I saw this at about the same time I saw the 2008 political thriller VANTAGE POINT and am surprised at the similarities. They both have gimmicks in how they structure their story and they both deal with politics. But what's even more surprising is that the romantic comedy DEFINITELY, MAYBE executes both of those elements better than the other movie. Romantic comedies are usually slavish to conventions, and thrillers are supposed to throw new twists at us each time out. While DEFINITELY, MAYBE isn't perfect, it respects its audience enough to know what its talking about when not in romance mode.

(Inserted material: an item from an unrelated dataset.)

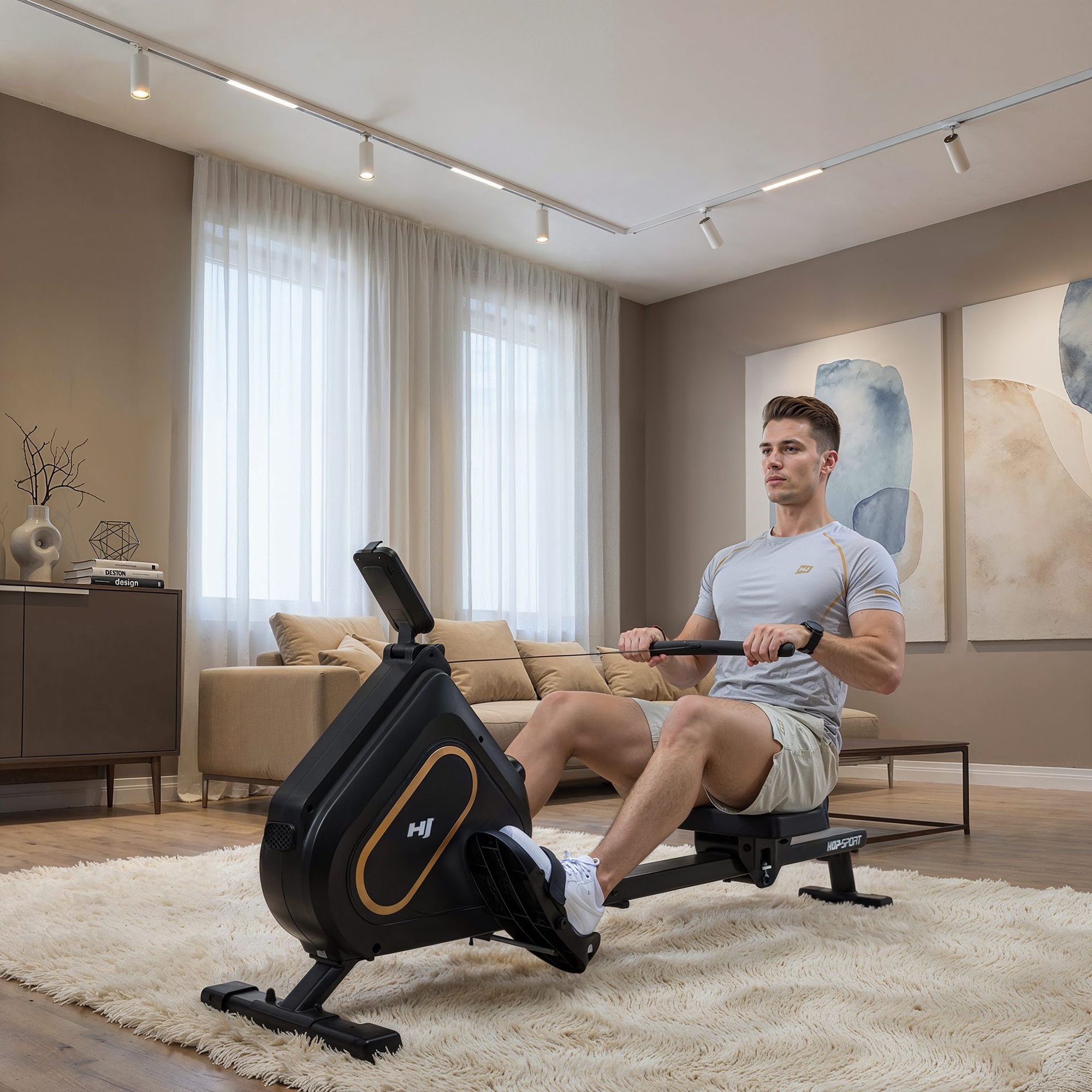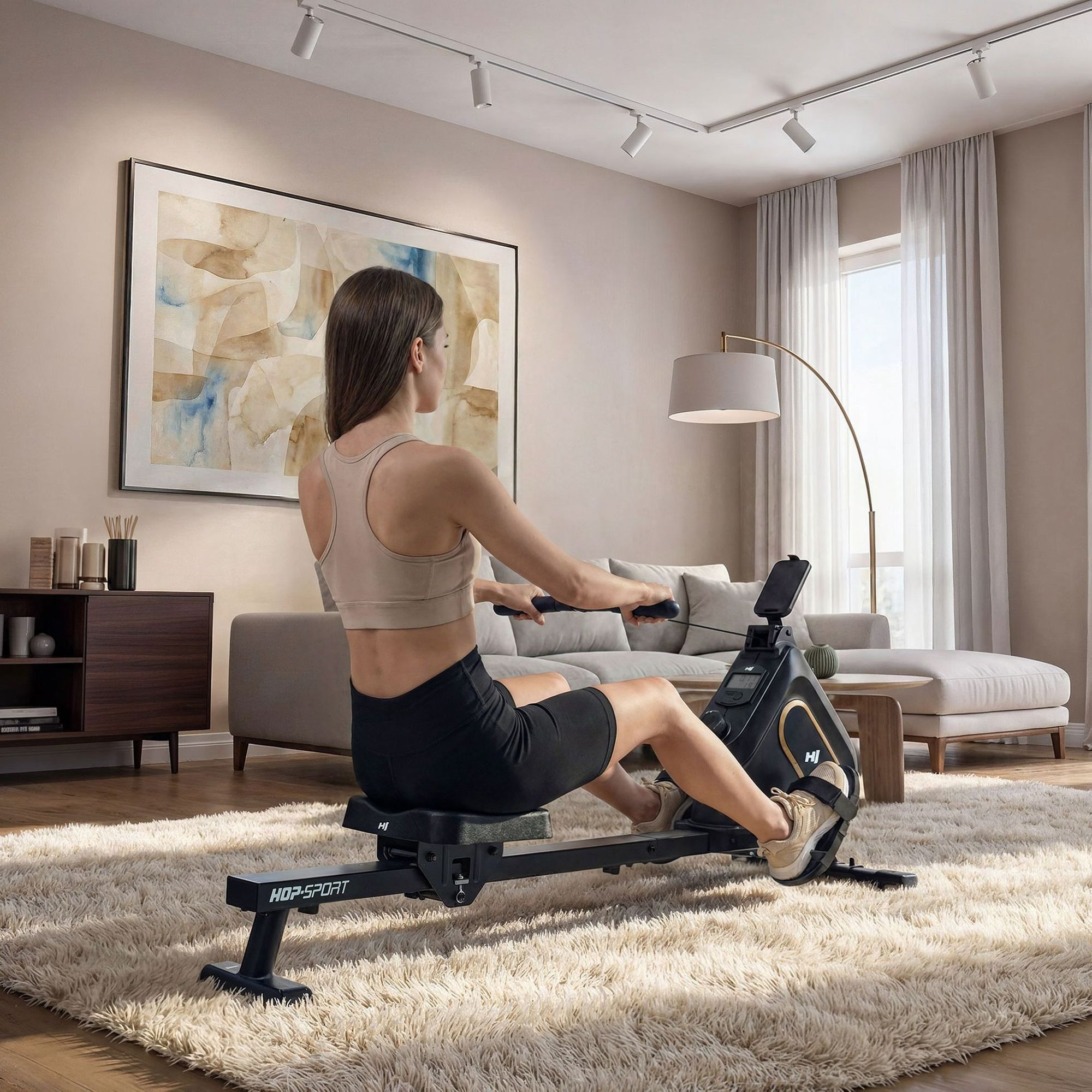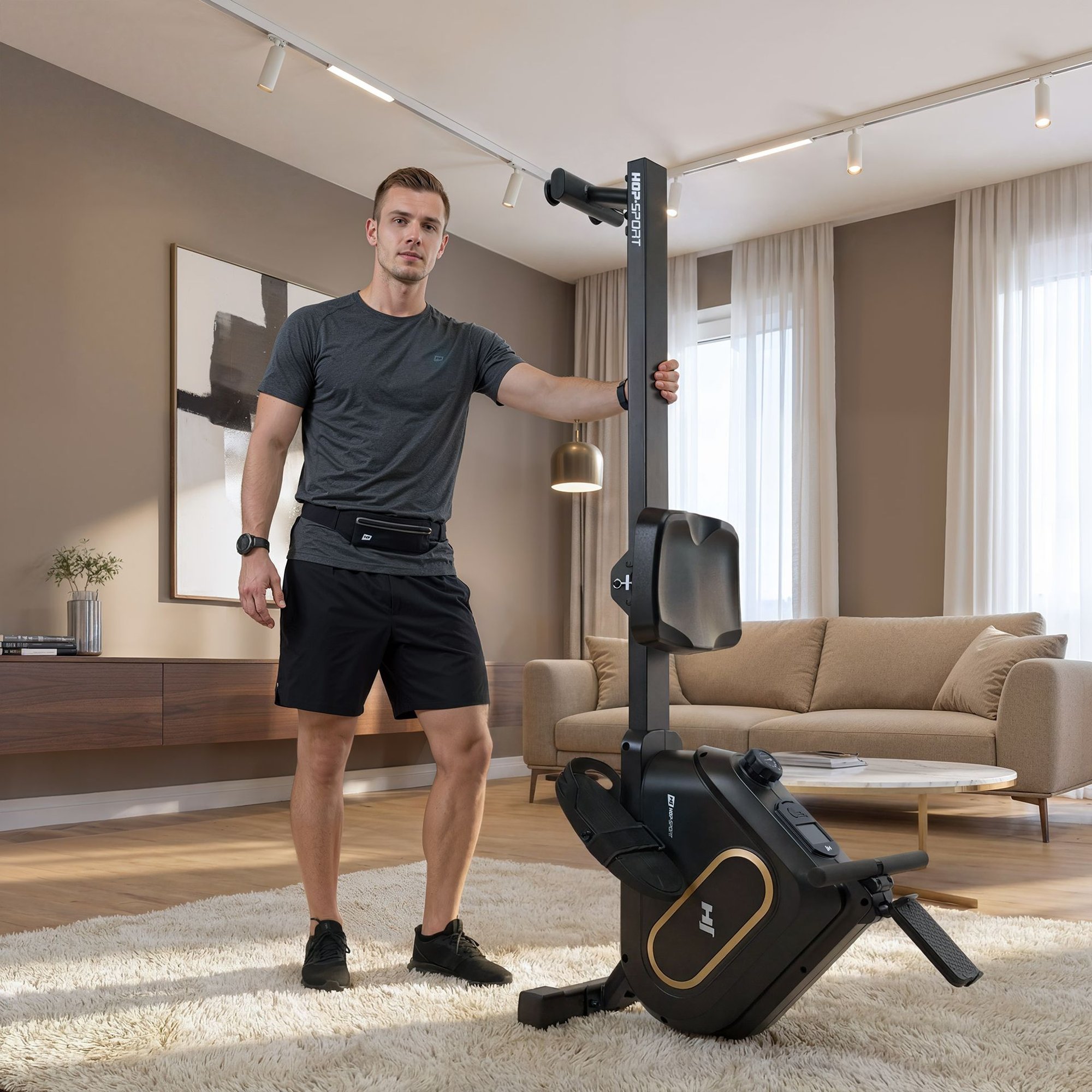 Leises und platzsparendes Rudergerät HS-085R mit 16 Widerstandsstufen, robuster Bauweise und Kinomap-App-Unterstützung für ein effektives Training in den eigenen vier Wänden.

Will Hayes (Ryan Reynolds, BLADE TRINITY) is getting divorced. His young daughter Maya (Abigail Breslin, LITTLE MISS SUNSHINE) wants to know how her father and mother met, and why they're splitting, so Will begins to tell her his dating-life story since college — only changing the names to protect the innocent (and add a bit of mystery to who is Maya's mom). The first suspect is Emily (Elizabeth Banks, W.), Will's hometown sweetheart. Maya isn't convinced it's her because in romances the guy never stays with the original girl. Next is April (Isla Fisher, THE LOOKOUT), a vivacious woman who isn't big on commitment, which often casts Will in the role of boy friend not boyfriend. The third and final suspect is journalist Summer (Rachel Weisz, THE CONSTANT GARDENER), who turns out to have a lot in common with Will.